Over the years, Fall River Electric has continued to be a reliable source of power for its customers. Increasing concerns about the power grid and its impact on the environment have prompted the use of renewable energy sources, such as solar and wind energy.

A solar panel and wind turbine outside Fall River Electric in Ashton. | Rett Nelson, EastIdahoNews.com

The declining cost of solar technology, along with tax incentives and other factors, has made solar power more popular in recent years. There are currently about 100 Fall River Electric customers who generate electricity using solar panels. If they generate more power than they use, they can send it back to the grid and receive credit.

The amount of credit solar customers receive caused a bit of a stir in the power industry in November when Idaho Power filed a proposal to lower the net metering by 50 percent, which would have decreased the amount of money solar customers with Idaho Power would have received.

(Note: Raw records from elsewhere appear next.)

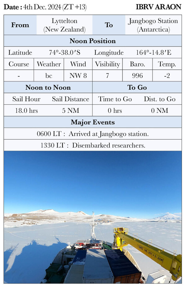 오전 9시. 한국시각 오전 5시. 그동안 먹통이던 인터넷이 느리게 접속되었다. 이틀 만에 접한 한국의 소식은 여기 남극의 광경보다도 놀라게 했다. 비상 계엄령 선포. 국회에 무장한 공수부대가 헬기로 진입. 2시간 반 만에 국회의 계엄 해제안 결의. 오늘 하루 이모저모 놀라운 일들로 시작된다. 2001년 9.11 테러 당시 칠레 발파라이소에서 하선 예정이었던 나는 비행편이 취소되어 이후 6개월간 배에서 못 내리고 총 1년여 만에 귀국한 경험이 있다. 20일 후 집에는 갈 수 있겠지? 아닌가? 아라온호에 남는 게 나을까?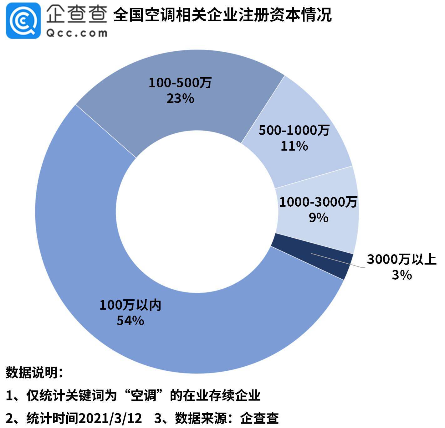 从注册资本来看,企查查数据显示,近8成的空调企业注册资本在500万以内,其中54%的企业注册资本在100万以内,23%的企业注册资本在100-500万这个区间,而注册资本在3000万以上的则占总量的3%。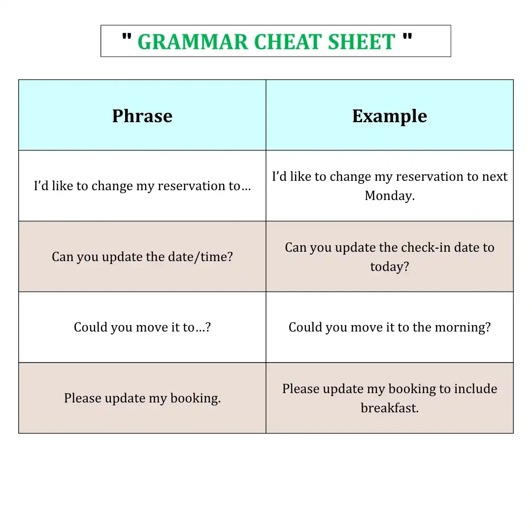 📌اگر بخواهید تاریخ، ساعت یا هر جزئیات دیگری از رزرو را تغییر بدهید، از عبارات این جدول استفاده میکنید.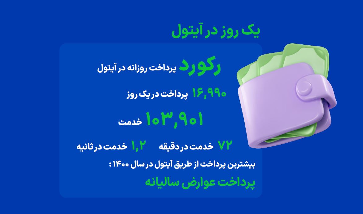 در ادامه گزارش، آمار یک روز در آیتول به شرح زیر بیان شده است. بیشترین پرداخت از طریق آیتول در سال 1400 مربوط به پرداخت عوارض سالانه بوده است.

RELATED | ‘It’s really scary to us.’ Idaho Power, customers at odds over rooftop solar panels

The Idaho Public Utilities Commission eventually voted against that proposal. Though this would not have affected Fall River Electric, Austin says the idea of generating your own electricity through solar panels or wind turbines is a trend of the future.

“The least expensive way right now is to get power in your home or business the way it’s always been done, but this trend of generating your own power and having the ability to store that power will grow” as technology improves and costs go down, he says.

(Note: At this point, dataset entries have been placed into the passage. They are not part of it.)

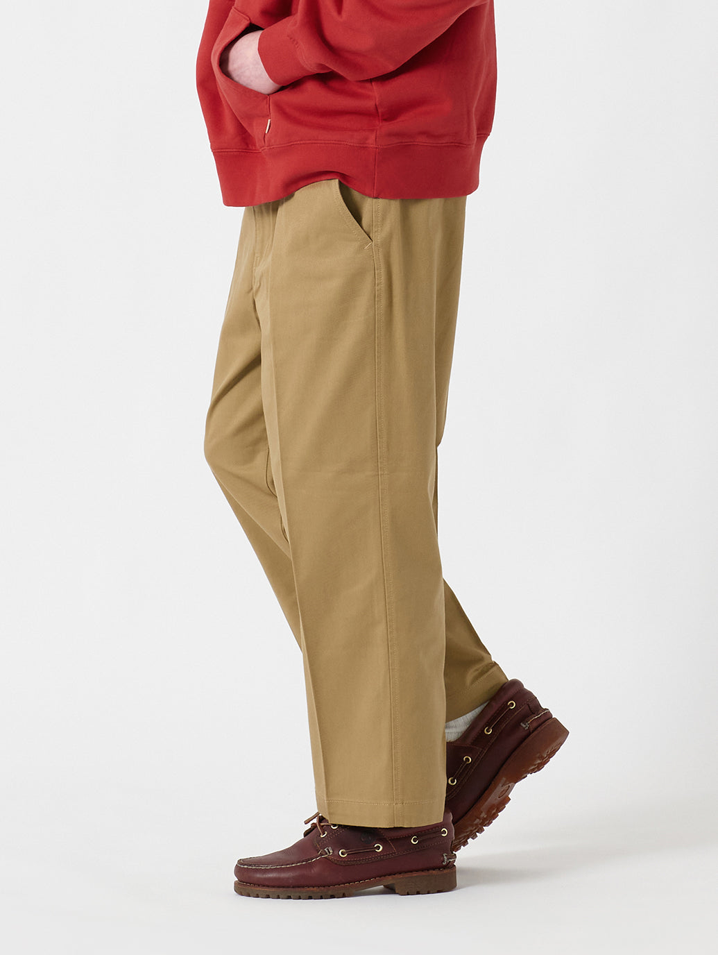 ストリートウェアの雰囲気と、日曜日のちょっとした外出に穿くパンツの雰囲気も漂わせるワイドレッグチノパンツ。はっきりと主張するセンタークリースが入ったリラックスフィットで、恋人の両親に会う時に着ていける、きちんとした印象も感じさせます。クロップド丈を活かして、お気に入りのシューズを強調しましょう。 柔らかく心地よい手触り生地はストレッチが効いているので、1日中穿いても快適です。 洗濯してもクリースをくっきりとキープする、防シワ加工を施したSTA PRESTパンツ。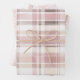 Pink Cream Plaid Stripes Snowflakes Christmas Wrapping Paper Sheet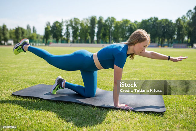 3️⃣버드독: 네발 기기 자세에서 팔과 다리를 교차로 들어올려 균형 잡기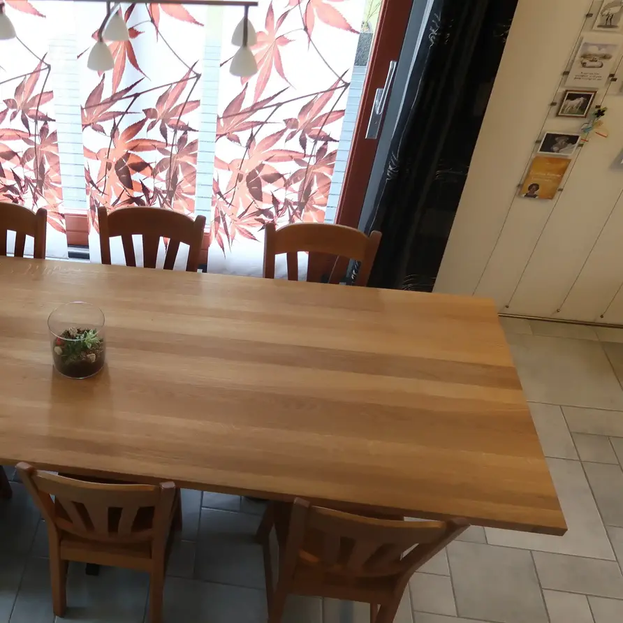 Een eiken tafelblad - van stijlvol foutvrij eikenhout en 4 cm dik, 2-laags rondom opgedikt - dat op maat wordt gemaakt. Een prachtig verlijmd tafelblad (smalle lamel) & zeer toegankelijk. Diverse randopties, configureer uw tafelblad compleet naar wens! Lees meer

Fall River Electric recently partnered with local high schools to teach kids about renewable energy and how the industry works.

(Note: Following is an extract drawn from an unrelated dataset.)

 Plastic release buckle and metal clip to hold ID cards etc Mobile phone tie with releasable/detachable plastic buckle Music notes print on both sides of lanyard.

A solar panel at North Fremont High School in Ashton. | Rett Nelson, EastIdahoNews.com

Small scale solar panels and wind turbines were installed at Teton High School, North Fremont High School and West Yellowstone High School so they can get a first-hand look at how much power it generates.

The organization also works with elementary schools to teach kids about safety around power lines and hosts a food drive every year to help provide food for families in need.

RELATED | Fall River Electric to ‘stuff the truck’ with food for Christmas

“It’s very rewarding to be involved in the communities we serve and be part of an organization (that is owned and operated by its customers),” Austin says.